As I watch the caterpillar attaching itself to a stem; twitching, squeezing and shrinking itself into almost one third its original size some four hours ago, I cannot help but to contemplate on the meaning of its life.

What is the purpose of this little creature’s life? To be a beautiful butterfly. And then what? Be a bird’s prey, or die some 30 days after?

Ah, if only it could talk, the caterpillar would have protested! Why the hassle, why the painful process? For such a pathetic purpose, that cannot be!

But thanks be to GOD, as one watches the caterpillar’s journey from one ugly, creepy thing; molting itself into a pupa, and to finally emerging as a splendid butterfly, one cannot only learn about the life cycle of a biology subject, or contemplate on life’s meaning, without also raising to his lips praises to the magnificent GOD, the Creator of this little caterpillar, and of all living beings.

In fact, it is impossible for one to observe the Nature, and not be awed by its beauty, order and wisdom. And as one stands in awe of the wonder of all these, it is impossible not to acknowledge its Creator and lift up proper praises due Him.

No, I say so not because of an overly religious sentiment. Instead, it is the most making sense response. Just as one should naturally credit the artist behind a masterpiece, and applaud the composer behind a moving music, acknowledging the existence of a brilliant Mastermind behind the very existence of this caterpillar, and give Him glory for the awe-inspiring handiwork that the final beautiful butterfly is, is only the most natural, honest and logical thing to do.

The glorifying of GOD, and His enjoyment – which He graciously shares with man. This, is the purpose of the butterfly-caterpillar’s life. This, is what its gorgeous wings boast of.

Let man observe and take heed, in all their splendor let they give glory to their Maker, to whom all honor, praise and adoration are due. Lest they boast in their foolish arrogance, and end up a prey to worldly vanity and die after a meaningless life of 70 or 80 years.

The caterpillar is still twitching and contracting, but I am done with my notes. So I am turning in, both of us have our own lives to fulfill tomorrow.

Monday, 29 May 2017

Little Nonas’ Nature Finds: Rearing Autumn Leaf Caterpillars

Our little nonas are very much fascinated with butterflies; their beautiful wings, in amazing array of patterns and colors. But we have never been able to get close enough to admire the detail of arts they carry on their wings.

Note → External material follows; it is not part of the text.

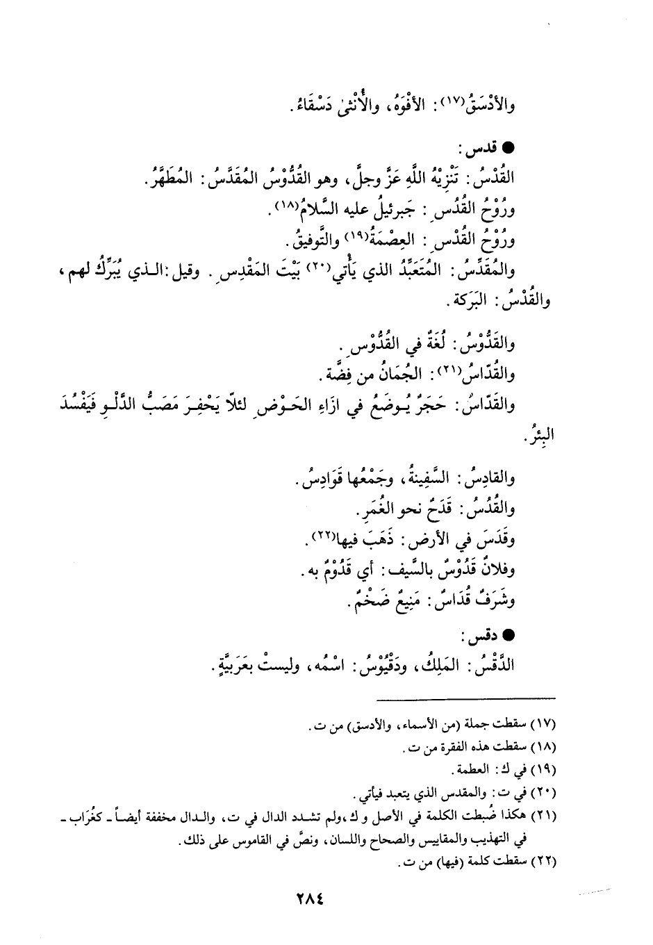 والأدْسَقُ : الأفْوهُ ، والأنْثى دَسْقَاءُ . قدس القُدْسُ : تَنْزِيْهُ اللَّهِ عًزّ وجلَّ ، وهو القُدُّوْسُ المُقَدَّسُ : المُطَهَّرُ . ورُوْحُ القُدُس : جَبرئيلُ عليه السَّلامُ . ورُوْحُ القُدْس : العِصْمَةُ والتَّوفيقُ . والمُقَدِّسُ : المُتَعَبِّدُ الذي يَأتي بَيْتَ المَقْدِس . وقيل : الذي يُبَرِّكُ لهم ، والقُدْسُ : البَرَكة . والقَدُّوْسُ : لُغَةٌ في القُدُّوْس . والقُدّاسُ : الجُمَانُ من فِضَّة . والقَدّاس : حَجَرٌ يُوضَعُ في ازَاءِ الحَوْض لئلا يَحْفِرَ مَصبُّ الدَّلْوِ فَيَفْسُدَ البئر . والقادِسُ : السَّفِينةُ ، وجَمْعُها قَوَادِسُ . والقُدُسُ : قَدَحٌ نحو الغُمَرِ . وقَدَسَ في الأرض : ذَهَبَ فيها . وفلانٌ قَدُوْسٌ بالسَّيف : أي قَدُوْمٌ به . وشَرَفٌ قُدَاسٌ : مَنِيعٌ ضَخْمٌ . دقس الدَّقْسُ : المَلِكُ ، ودَقْيُوْسُ : اسْمُه ، وليستْ بعَرَبيَّةٍ .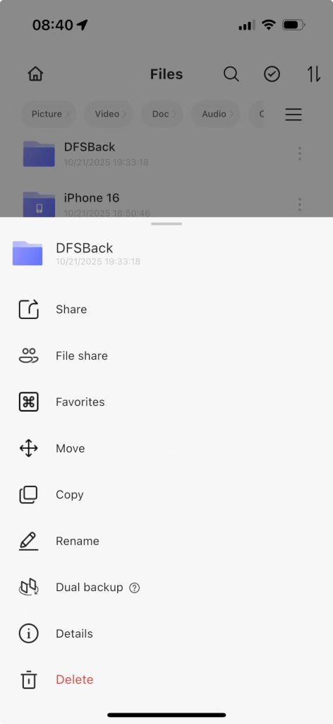 Step 1: Navigate to the APP home page, go to File Management, click the “…” button adjacent to the target folder, and select “Enable Dual Backup” from the dropdown menu.

Yesterday morning, as we were chasing butterflies around, we thought why not try rearing caterpillar, that way we could have a chance to get up-close with the butterfly once it emerges. So we got ourselves some Autumn Leaf caterpillars as pets from the garden behind.

We have since been watching these creepy crawlies with amazement; their colors, their movement, the way and the speed with which they chomp down leaves, and how quickly these creatures excrete their frass too. We hope we’ll get the chance to see them metamorphe into the beautiful butterflies they are meant to be. (Just please don’t die on us.)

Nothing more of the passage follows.